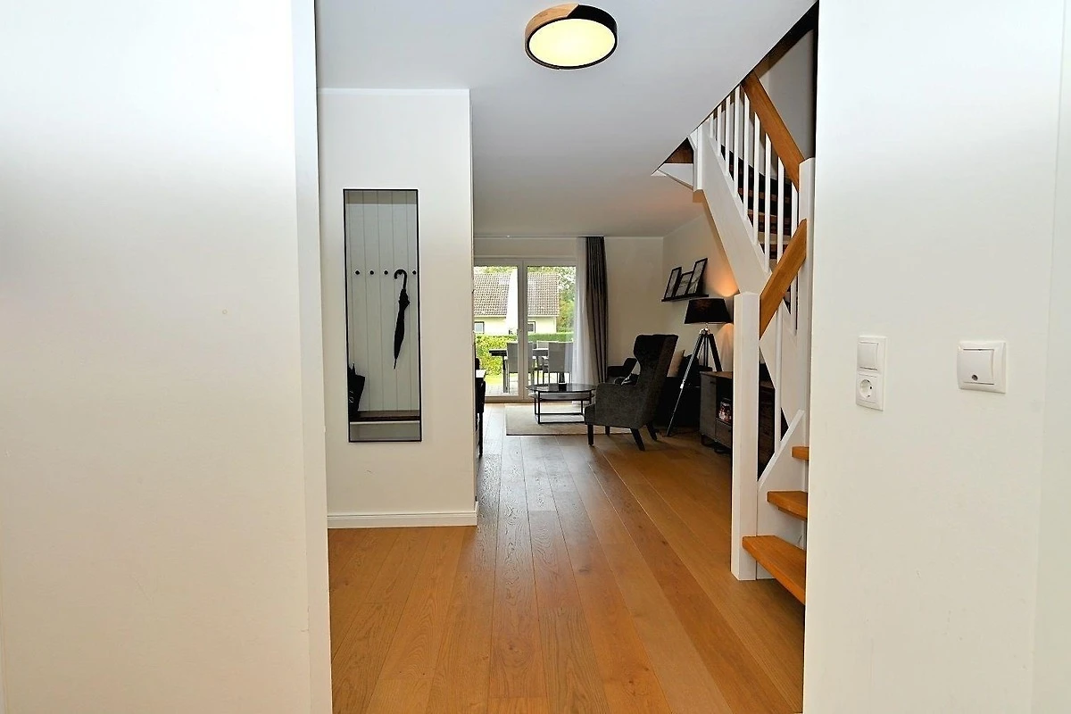 Das moderne Ferienhaus in Hohwacht liegt nur 150 Meter von der Ostsee entfernt und bietet Platz für bis zu vier Personen. Der grosszügige Wohn- und Essbereich ist mit einem gemütlichen Sofa, einem 55-Zoll-Smart-TV und einem Kamin ausgestattet, was zu entspannten Abenden einlädt. Die offene Küche verfügt über hochwertige BOSCH-Geräte, darunter ein Induktionskochfeld und ein Backofen, sowie sämtliches Koch- und Essgeschirr. Das Badezimmer im Obergeschoss beeindruckt mit einer XL-Regendusche, während ein separates Gäste-WC im Erdgeschoss zur Verfügung steht. In den beiden Schlafzimmern sorgen COCO-MAT Boxspringbetten aus Naturmaterialien für hohen Schlafkomfort. Praktische Extras wie WLAN, Waschmaschine, E-Ladesäule und ein abschliessbarer Fahrradraum runden die Ausstattung ab. Haustiere sind in dieser Unterkunft nicht erlaubt.
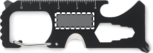 Stainless steel multi-tool pocket card tool. 8 functions. It includes: tooth saw, wire cutter, spanner, Phillips screwdriver, slotted screwdriver, measuring scale, bottle opener and key chain.
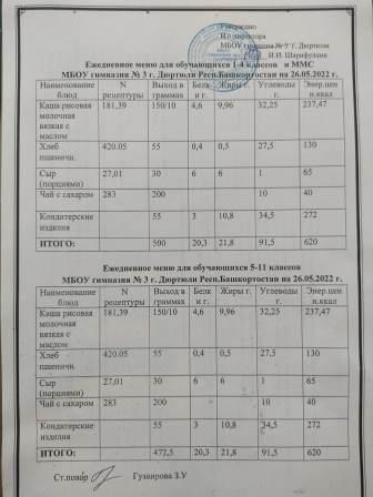 Меню на 26.05.2022 для 1-4 и 5-11 кл
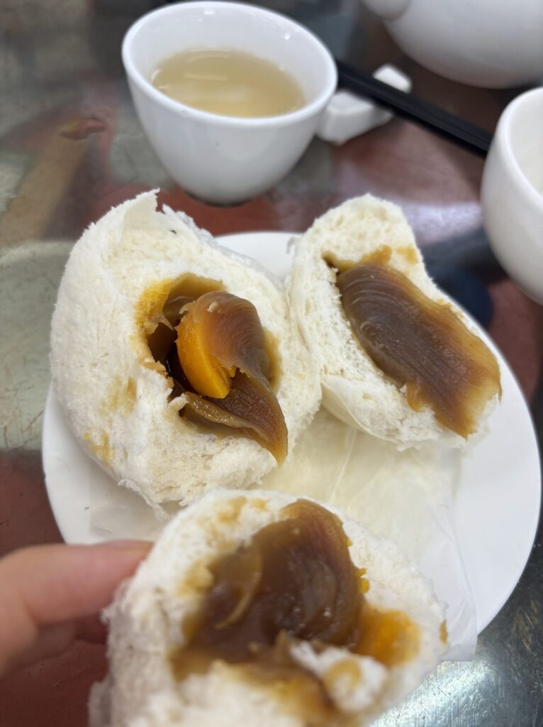 まずは蒸しパン。甘い餡に黄身が入っていました。
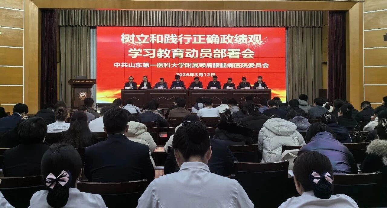 2026年3月12日,山东第一医科大学附属颈肩腰腿痛医院召开树立和践行正确政绩观学习教育动员部署会,深入贯彻落实党中央、省委及校(院)党委关于树立和践行正确政绩观的决策部署,对全院学习教育工作进行全面安排和系统部署。医院领导班子成员、各党支部书记、各科室负责人及党员、群众代表参加会议,会议由党委副书记刘凡杰主持,党委书记张洪彬作动员讲话。
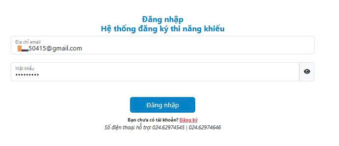 Tại đây thí sinh cần đăng nhập vào hệ thống với tài khoản và mật khẩu đã đăng ký (khi đăng ký dự thi năng khiếu).
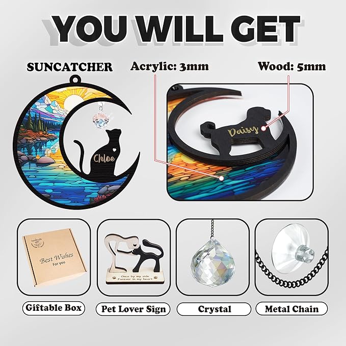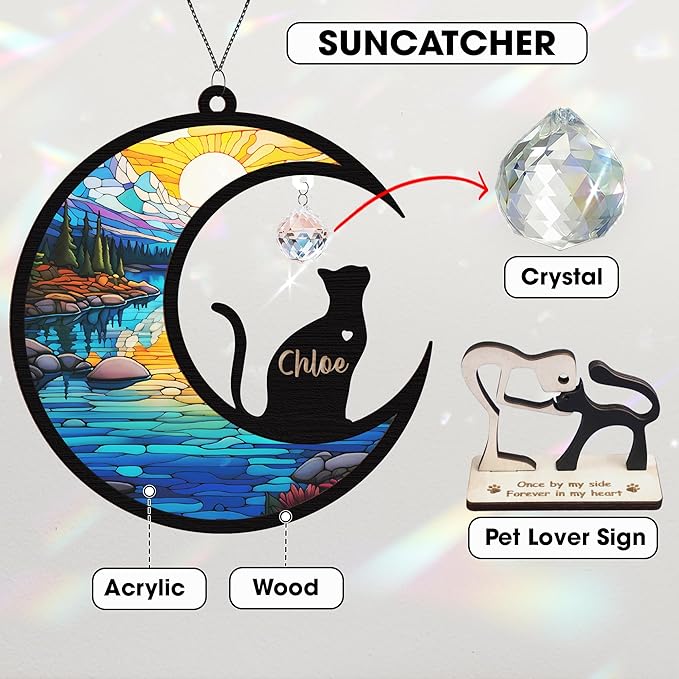 - Package Includes: 1 Memorial Suncatcher Cat comes with a long iron chain, 1 Pet Lover Sign Gift, 1 Gift Box. Painstakingly designed with profound care and meticulous attention to detail, this personalized cat memorial gift holds profound meaning as a treasured keepsake for those who hold their beloved pets close to their hearts.
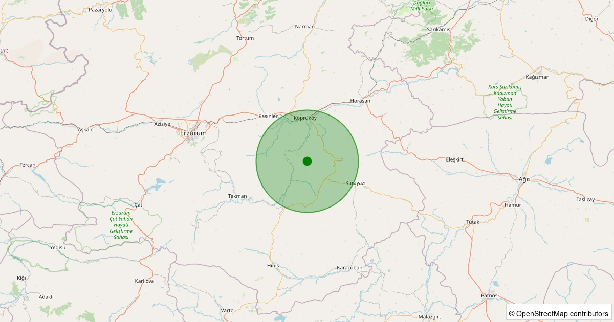 Son 7 gün içinde Köprüköy - Sarıtaş noktasından 100 km yarıçap içerisinde meydana gelen diğer depremler:

THE TASK: Please print the lines above word for word, starting at the one with "まずは蒸しパン。甘い餡に黄身が入っていました。" and ending at the one with "Tại đây thí", both included, and without any picture.

OUTPUT FOR THIS TASK:
 まずは蒸しパン。甘い餡に黄身が入っていました。
 2026年3月12日,山东第一医科大学附属颈肩腰腿痛医院召开树立和践行正确政绩观学习教育动员部署会,深入贯彻落实党中央、省委及校(院)党委关于树立和践行正确政绩观的决策部署,对全院学习教育工作进行全面安排和系统部署。医院领导班子成员、各党支部书记、各科室负责人及党员、群众代表参加会议,会议由党委副书记刘凡杰主持,党委书记张洪彬作动员讲话。
 Tại đây thí sinh cần đăng nhập vào hệ thống với tài khoản và mật khẩu đã đăng ký (khi đăng ký dự thi năng khiếu).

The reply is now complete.